# Dell Laptop - Extra Cables (TV-out/Composite) ???



## PraKs (Jan 3, 2008)

Hey 

Can anyone tell me what are these 2 cables available with Dell laptop options ?

Composite SPDIF Cable [+Rs 187.00]  

TV-out cable w/ SPDIF [+Rs 141.00] 

Whats use of both ?


----------



## PraKs (Jan 16, 2008)

30 views.. Still NO Ans..

Where are Geeks


----------



## coolpcguy (Jan 17, 2008)

PraKs said:


> Hey
> 
> Can anyone tell me what are these 2 cables available with Dell laptop options ?
> 
> ...



TV-Out cable == The cable which can be used to connect to your TV(the yellow colour one). This is what I have. No idea about the other one


----------



## sensationalboy (Jan 17, 2008)

SPDIF Adapter, this cable enables you to view your favorite DVDs on a full screen television


----------



## infra_red_dude (Jan 17, 2008)

SPDIF is sony/philips digital interconnect format for the audio. Connects to spdif enabled audio systems for better experience. Its a format for audio transfering form the soundcard on the computer to audio systems.

TV out has been answered.


----------



## PraKs (Jan 18, 2008)

Thanks 

So If I am taking a laptop

Do I need to take both of this ?

Composite SPDIF Cable [+Rs 187.00]

TV-out cable w/ SPDIF [+Rs 141.00] 

Or just TV-out cable w/ SPDIF will do as it already comes with SPDIF.


----------



## infra_red_dude (Jan 18, 2008)

^^^ You can buy all the cables separately from the electronics market if you want.

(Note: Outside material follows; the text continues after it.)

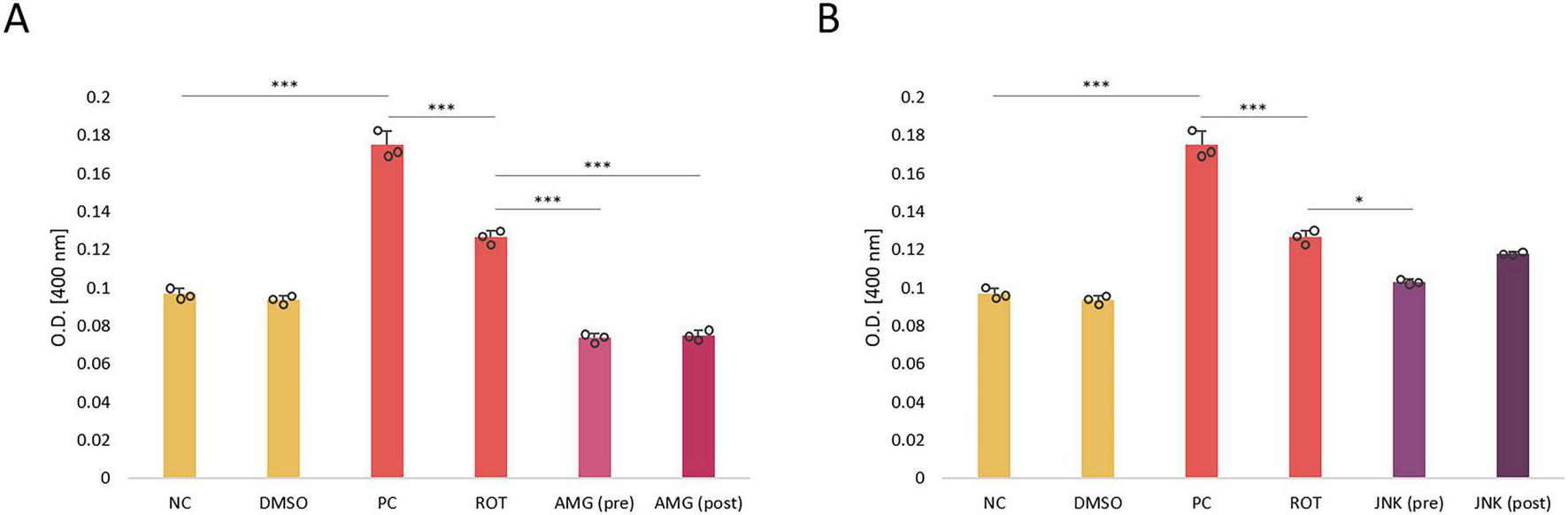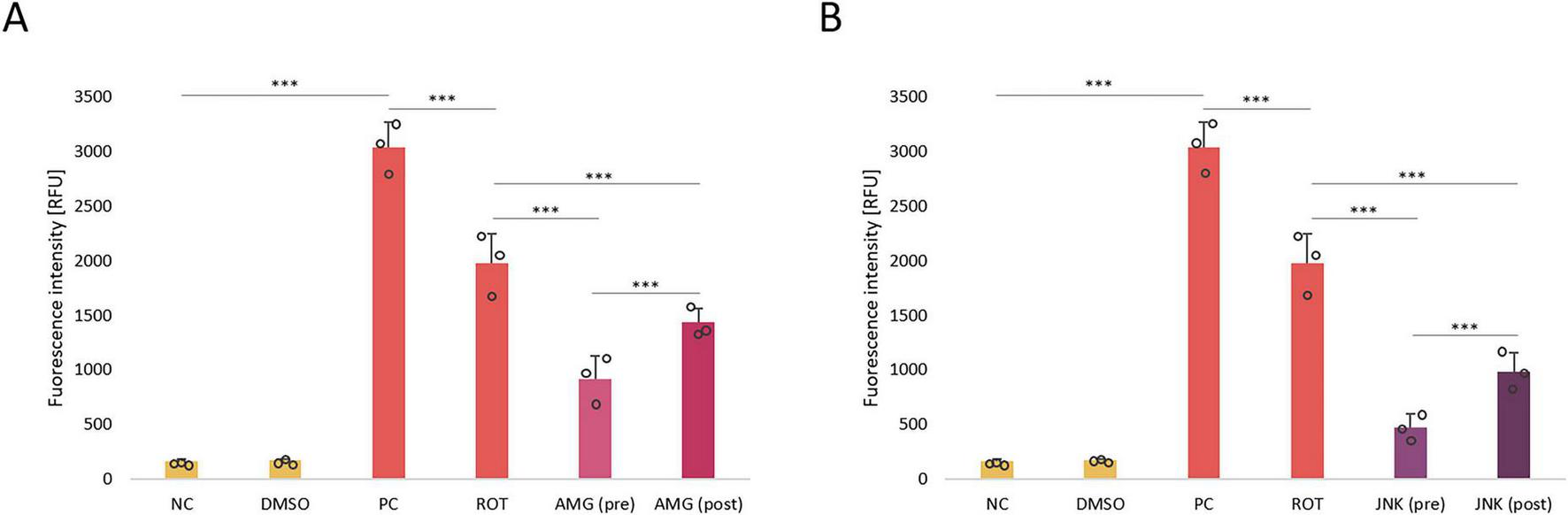 The analysis of reactive oxygen species (ROS) production in differentiated SH-SY5Y cells treated with rotenone (ROT) at 12.5 μM for 48 h and incubated with PERK inhibitor AMG44 (A) and JNK inhibitor JNK V (B) for 1 h at the effective concentrations. The ROS level was evaluated by the respective fluorometric assay. Data were analyzed by the two-way ANOVA with Bonferroni correction. Values are expressed as mean ± SD (n = 3), ***p < 0.001 for all groups. NC, Negative Control, untreated cells; DMSO, Solvent Control, cells treated with 0.1% dimethyl sulfoxide; PC, Positive Control, cells treated with 50 μM antimycin A (24 h); ROT, cells treated with rotenone (48 h); AMG, cells treated with ROT (48 h) and AMG44 inhibitor (1 h); JNK, cells treated with ROT (48 h) and JNK V inhibitor (1 h); (pre), pre-treatment with the inhibitor; (post), post-treatment with the inhibitor.

Its your choice.


----------



## coolpcguy (Jan 18, 2008)

Don't buy These. They're even shorter than the length of my palm!


----------



## PraKs (Jan 24, 2008)

coolpcguy said:


> Don't buy These. They're even shorter than the length of my palm!



Thanks a ton buddy

Will not waste money on it.


----------



## swatielectronics (Feb 29, 2008)

Hello All,

We have a Dell Inspiron 1525 Laptop, Plz let me know where will I get the TV out cable in Bangalore.

I would like to connect my Laptop to TV using this cable.

Thanks
SE

Hi Plz let me know where can I buy these TV out Cable from Bangalore


----------